Adrenal aldosterone excess is the most common cause of secondary hypertension and is associated with increased cardiovascular morbidity. However, adverse metabolic risk in primary aldosteronism extends beyond hypertension, with increased rates of insulin resistance, type 2 diabetes, and osteoporosis, which cannot be easily explained by aldosterone excess.

METHODS:

We performed mass spectrometry-based analysis of a 24-hour urine steroid metabolome in 174 newly diagnosed patients with primary aldosteronism (103 unilateral adenomas, 71 bilateral adrenal hyperplasias) in comparison to 162 healthy controls, 56 patients with endocrine inactive adrenal adenoma, 104 patients with mild subclinical, and 47 with clinically overt adrenal cortisol excess. We also analyzed the expression of cortisol-producing CYP11B1 and aldosterone-producing CYP11B2 enzymes in adenoma tissue from 57 patients with aldosterone-producing adenoma, employing immunohistochemistry with digital image analysis.

RESULTS:

Primary aldosteronism patients had significantly increased cortisol and total glucocorticoid metabolite excretion (all P < 0.001), only exceeded by glucocorticoid output in patients with clinically overt adrenal Cushing syndrome.

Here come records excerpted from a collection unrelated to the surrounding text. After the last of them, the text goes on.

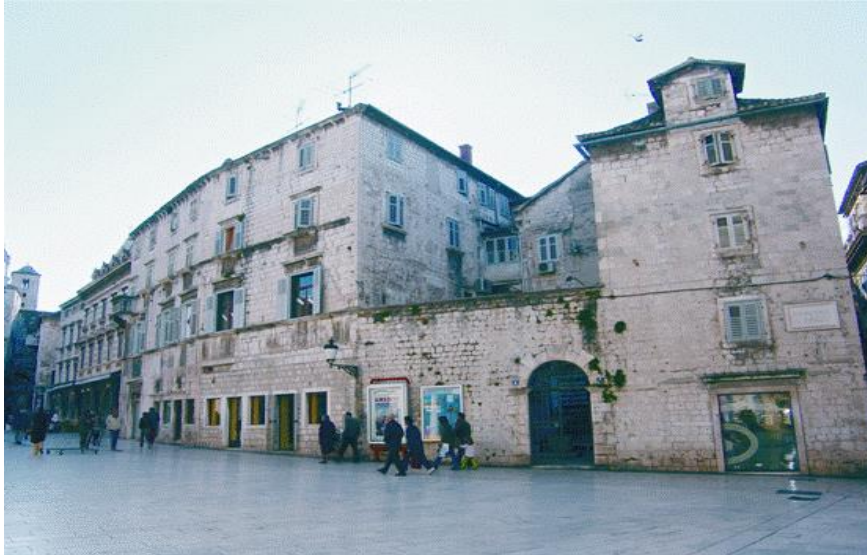
Slika 13. Kuća Pavlović na Pjaci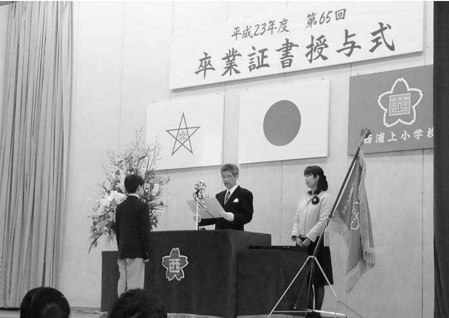
西浦上小学校の卒業証書授与式

桜の花も満開に咲きそろう、爽やかな季節となりましたが、皆さまにおかれましては益々ご健勝に、ご活躍のこととお喜び申し上げます。 希望に満ちた旅立ち 毎年3月は市内の小・中・高校の卒業式が行われ、それぞれの卒業式に出席しましたが、同級生との別れの寂しさと共に、希望に満ちた光景は、胸を打たれる光景であります。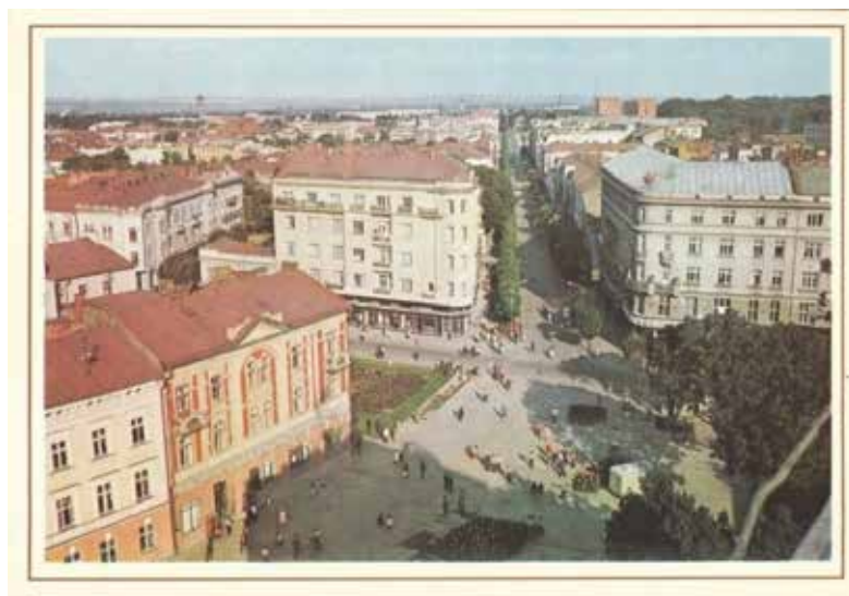
Рис. 10. Вулиця Незалежності (Радянська), 1990 р.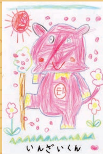
作品名 桜の木の下でお散歩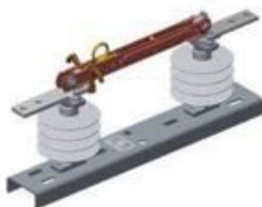
CHAVE SECCIONADORA UNIPOLAR POLIMERICA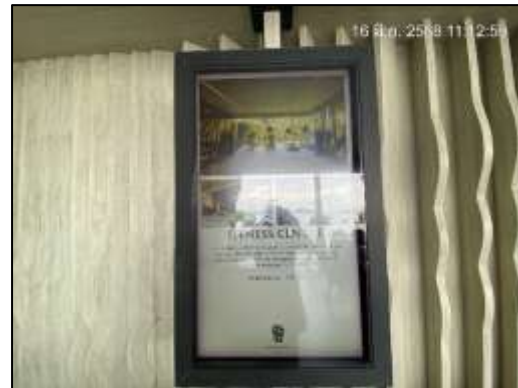
ภาพที่ 2-8 ประชาสัมพันธ์แหล่งท่องเที่ยวใกล้กับโครงการ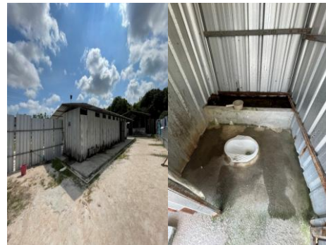
รูปที่ 3-32 ห้องน้ำ-ห้องส้วมภายในที่พักคนงาน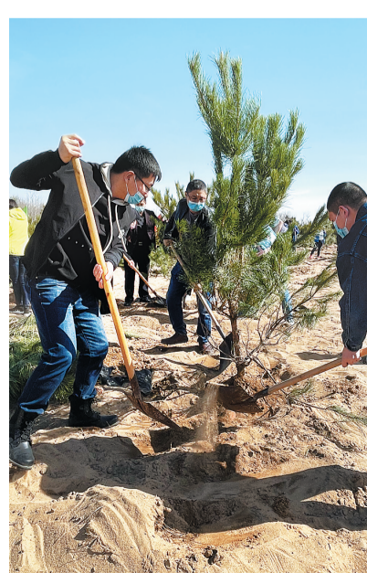
▲2021年5月14日,石家庄市福彩中心组织党员干部到社区进行义务劳动。

河北福彩坚持绿色发展理念,积极践行绿色办公,及时粉碎销毁尾票,回收利用废票组织开展即开票手工艺品大赛,投入资金用于节水节电、绿色出行等,增强从业人员保护生态、节俭节能、低碳生活的意识和能力,为生态环境建设贡献力量。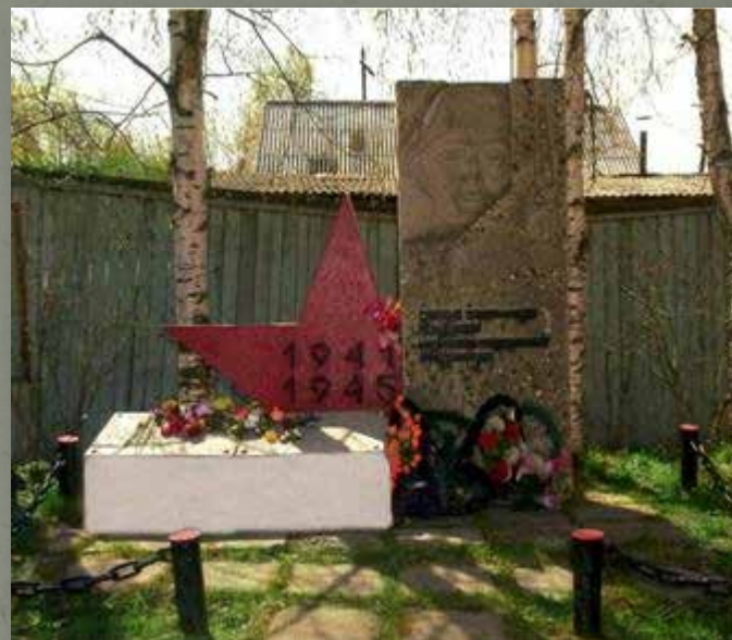
Обелиск к 30-летию Победы у здания управления Карпинского филиала ЗАО ПО «Свердлес» по ул. Ленина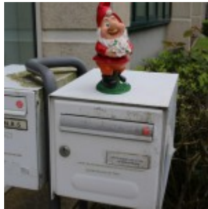
Pour vous rendre à la fête des 10 ans du concours de nouvelles, suivez les nains !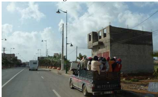
Les femmes allant à la cueillette des Oranges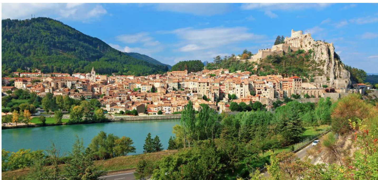
Blick auf die Altstadt und die Zitadelle der an der Durance gelegenen Stadt Sisteron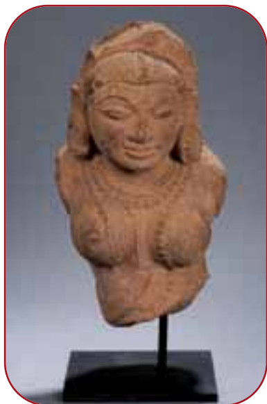
Lot n°237 3 500/4 000 € Buste de Parvati. Pierre grès beige. Inde. Vallée du Gange. Dynastie Chandella. 9ème à 11ème 35cm.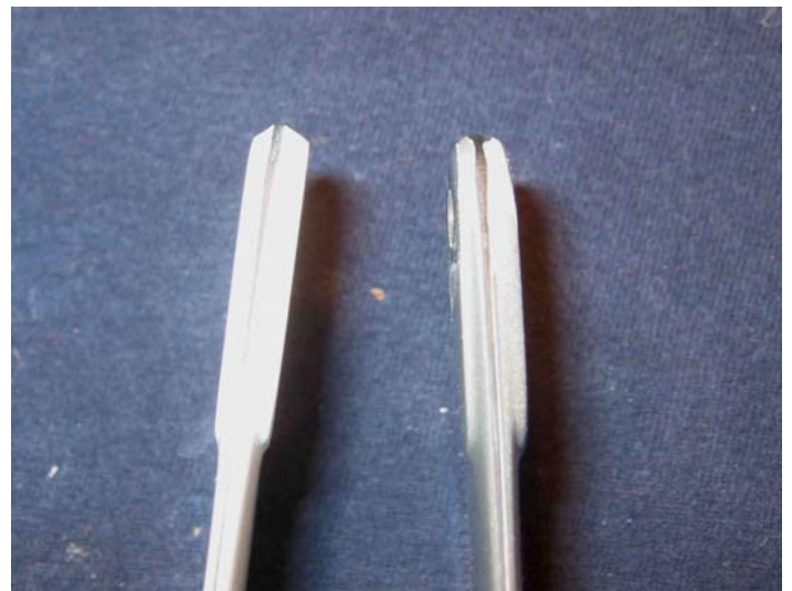
Blattschmied Xtro 240 mm Seitenansicht Links: Unbearbeitetes Original Rotorblatt Rechts: Funktionsunfähig durch Nacharbeit der Blattwurzel - konisch geschliffen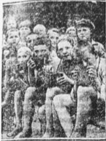
Фотокружок пионерлагеря «Чехолдино» с самодельными фотоаппаратами.

▲ пятилетки борьбы с эксплуатацией детского труда; ▲ сделать детский до 14 лет учебно-производственным; ▲ создать сеть школ с круглым годом обучения; ▲ в каждом крупном колхозе — пионеротряд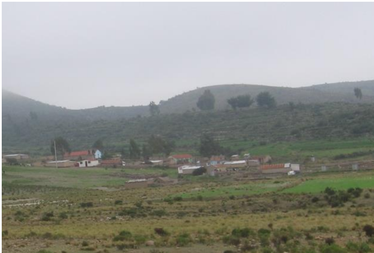
Figura 5: Vista del poblado de San José de Uzuña.

sacrificio de una niña con estos fines puramente rituales (la momia juanita). Además, ampliaron los andenes y terrazas con fines puramente agrícola, aprovechando al máximo las laderas escarpadas y edificando sinuosos y complejas obras hidráulicas, trasladando el agua desde lejanas zonas.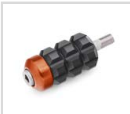
F. DOMINION SCHALTFUSSRASTEN-ZIERTEILE (ORANGE GEBÜRSTET ABGEBILDET)

DOMINION™ KOLLEKTION HAND- UND FUSSHEBEL Bringen Sie Ihre mutige, unangepasste Haltung zum Ausdruck. Die Bedienelemente der Dominion Kollektion für Fahrer und Beifahrer ermöglichen Ihnen ein gänzlich eigenes Styling.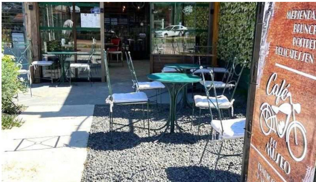
Cafe del museo el pinar ciudad de la costa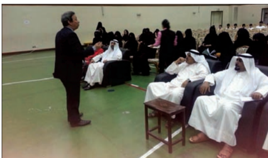
جانب من الندوة التي نظمتها إدارة الصحة الوقائية في مدرسة الوسطى بنات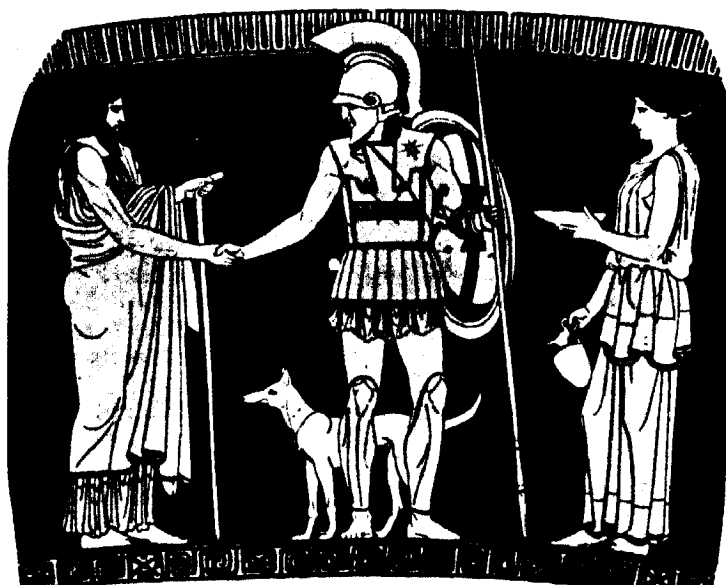
Fig. 1. GUERRERO QUE SE DESPIDE DE SU FAMILIA. (Stamnos del siglo V, British Museum E-448)

Hasta muy recientemente, todo intento por establecer la originalidad de los romanos frente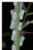
Chapelet de Metcalfa adultes

Les adultes mesurent entre 7 et 9 mm, les larves mesurent entre 2 et 6mm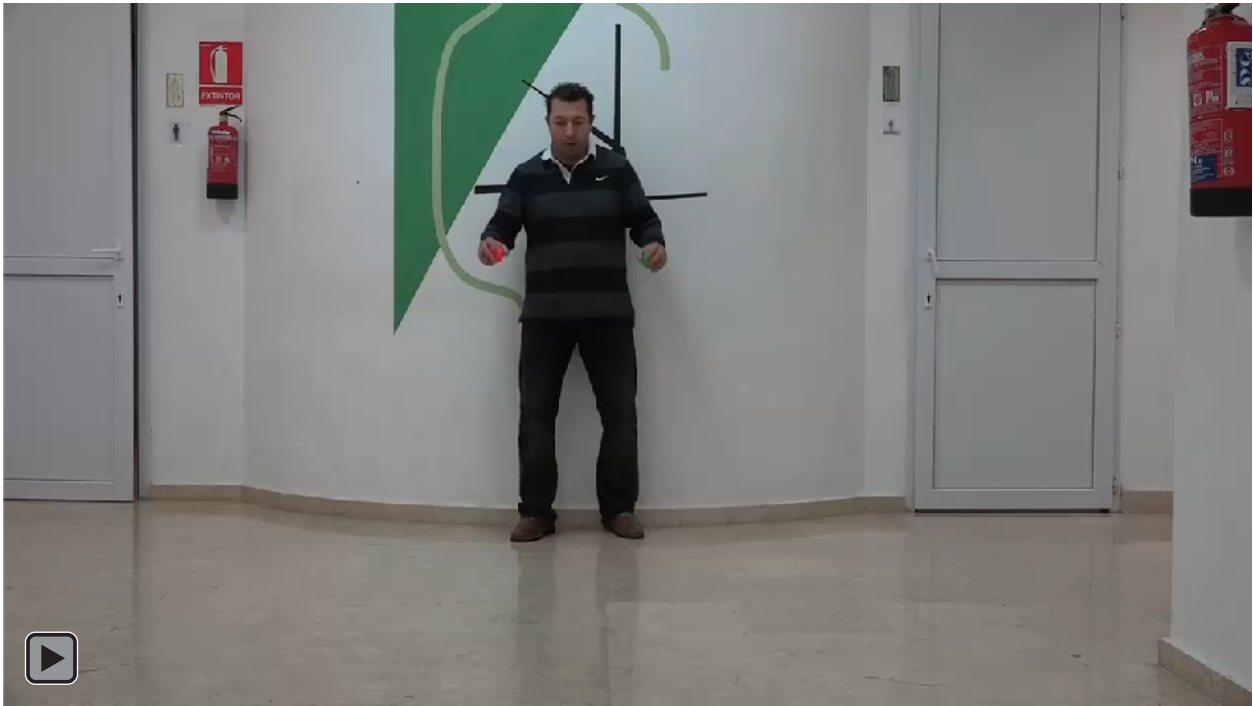
Figura 5. Juego motor con patrón de malabares con lanzamiento de dos bolas al suelo con ambas manos con rebote imperativo y simultáneo (figura RI4)

Lanzamiento de dos bolas al suelo con ambas manos con rebote imperativo y simultáneo, ver figura 5 o RI4.

Several surrogate parameters of metabolic risk correlated significantly with glucocorticoid but not mineralocorticoid output. Intratumoral CYP11B1 expression was significantly associated with the corresponding in vivo glucocorticoid excretion. Unilateral adrenalectomy resolved both mineralocorticoid and glucocorticoid excess. Postoperative evidence of adrenal insufficiency was found in 13 (29%) of 45 consecutively tested patients.

CONCLUSION:

Our data indicate that glucocorticoid cosecretion is frequently found in primary aldosteronism and contributes to associated metabolic risk. Mineralocorticoid receptor antagonist therapy alone may not be sufficient to counteract adverse metabolic risk in medically treated patients with primary aldosteronism.

FUNDING:

Medical Research Council UK, Wellcome Trust, European Commission.